Hi everyone! This is Antonio from Italy I’m left hand and I started to play guitar at 14 yo but 5 years ago I began to have hand problems. Irregular movements and stiffening. I have problems writing and doing other daily activities. I did electromyography and it was all right. So I decided to hold the guitar as right-handed. things are better and the advice is to copy the gestures of others. Sufferers can also be followed by Joaquin Farias or Joaquin Fabra. I hope I have been helpful to those who suffer from dystonia. Hello everyone!
Welcome and Well done for trying again - different handed no less! Not sure I would have that kind of resolve.
Welcome, thanks for joining the forum! Glad to hear it seems the hand problems have improved. We have some other discussion of dystonia, and our interview with Terry Syrek may be of interest as well. See here to search for those topics: https://forum.troygrady.com/search?q=dystonia
Hi Antonio! Hopefully I can be of some help. I was diagnosed with FD around 2012. My symptoms were considered mild for the condition. It’s been a long journey but I would say of the last few years I consider myself cured in that, I can practice freely whatever I want and don’t feel inhibited by any symptoms. I still rely a lot on right hand tapping technique in the kind of licks Greg Howe and Michael Romeo popularized, and really kinda went with that and made it “my” thing. If I need to express “shred!!” This is how I do it now. My overall left hand speed isn’t quite what it used to be, I’ve had to slowly build that back up, but I’m at the point where I can comfortably execute Iron Maiden/classic style solos, and even some trickier ones by guys like Schenker, Roth, Friedman etc.
In fact I would credit my journey with FD as how I came to appreciate the more classic metal soloists and feel that by skipping those guys and going right into shredders, I missed a huge building block in learning how to phrase melodically and how to use relatively cliche licks that are actually really kind of the foundation upon which all the more advance stuff is based.
Anyway, recovery is part physical and a huge part mental. The mental might be more important in some cases. I trained with a fellow named Jerald Harscher who runs the www.thepoisedguitarist.com. I would wholeheartedly advise contacting him.
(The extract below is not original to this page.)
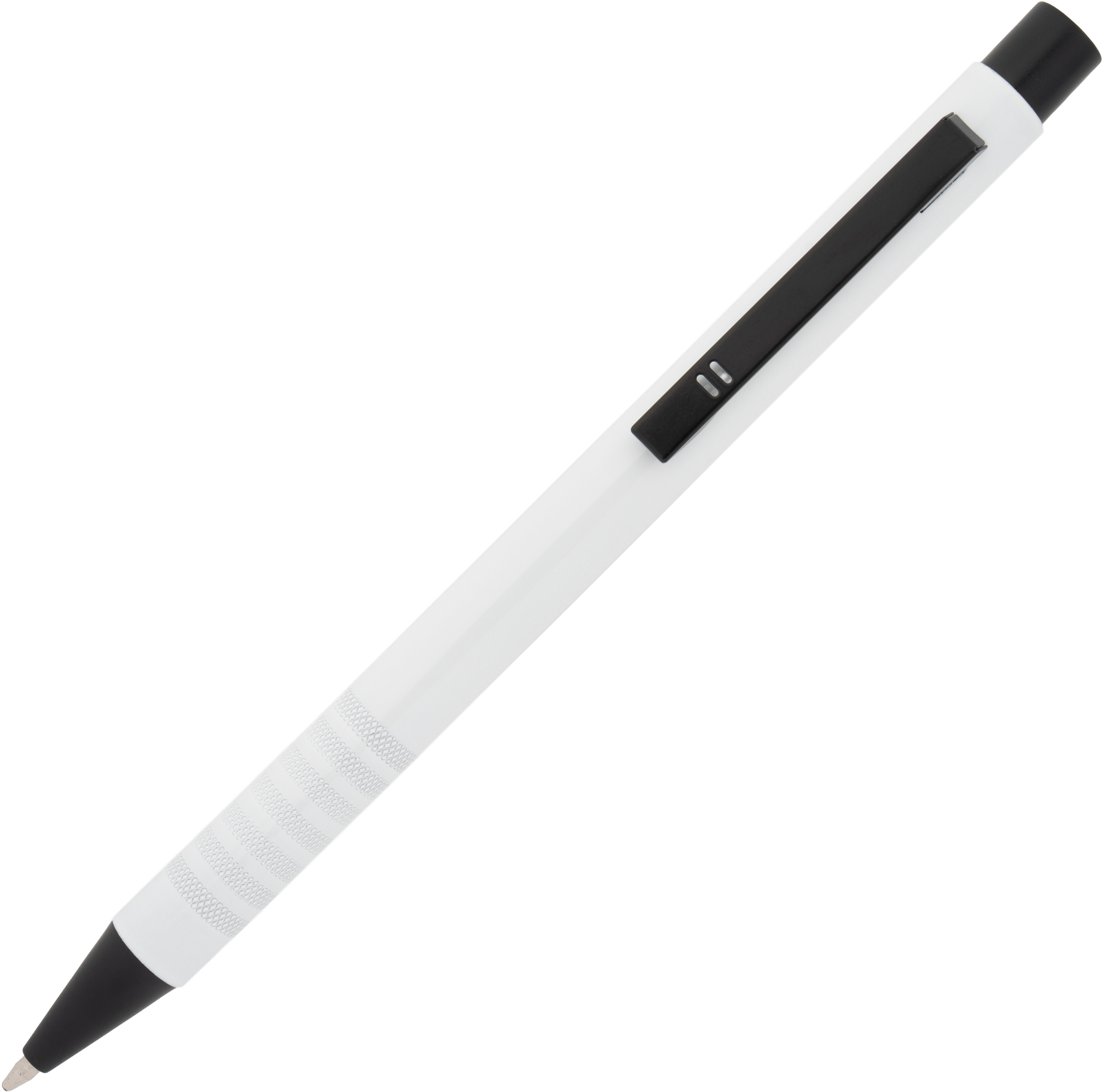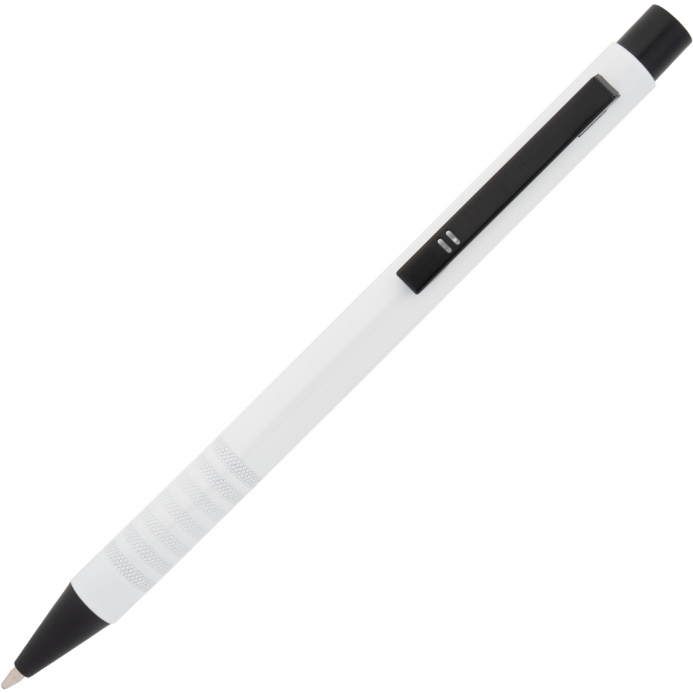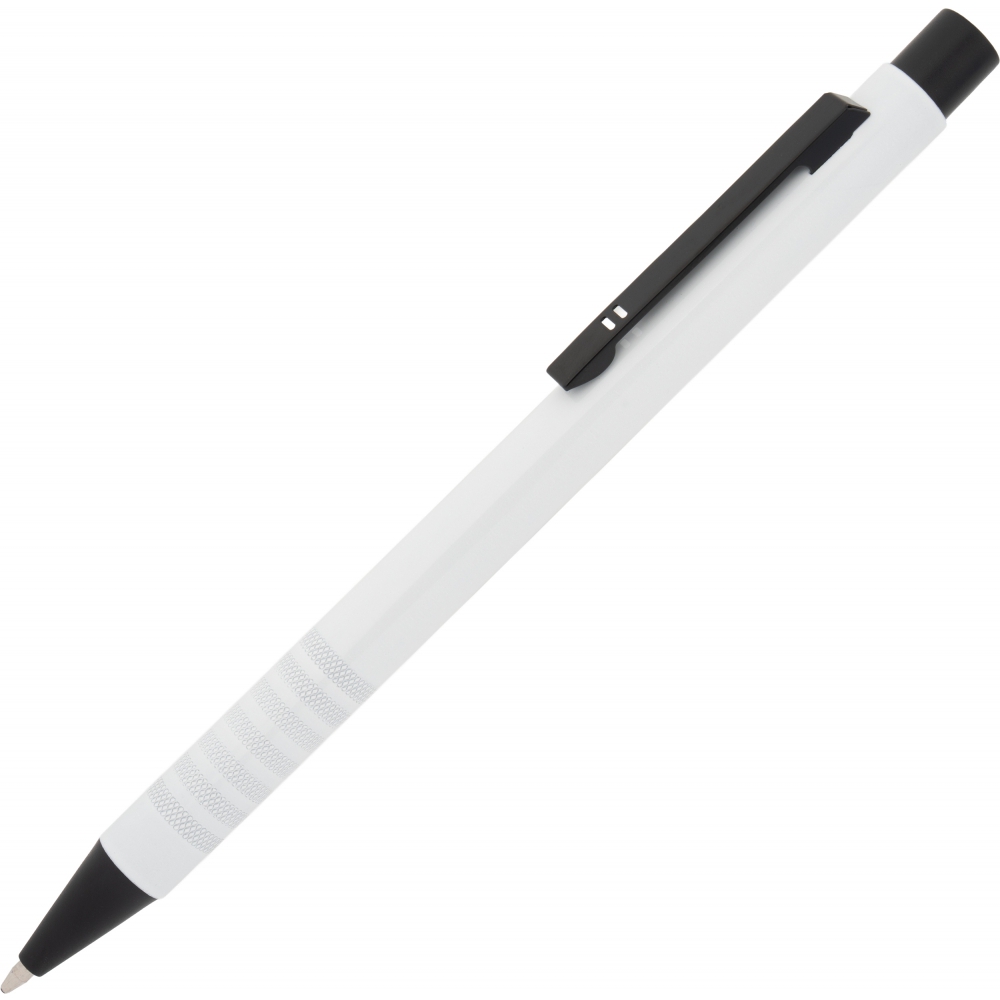 Metal ballpoint pen with blue writing refill and fancy grip zone. Your advertisement will be laser engraved to the right of the clip.

He approached my recovery through teaching me body mapping principles (similar to Alexander technique) and more recently, approaching FD as not dystonia at all, but as mind/body syndrome in which past trauma triggers unwanted muscle tension (this is the same premise that Joachim Fabra uses to treat his patients). I would say the physical remapping of how I approach the instrument was a huge chunk, but addressing the mental side is what started putting the final nails in the coffin, so to speak.
Don’t give up. Find creative ways to work with what you’re able to do, and just know it’s entirety possible to recover!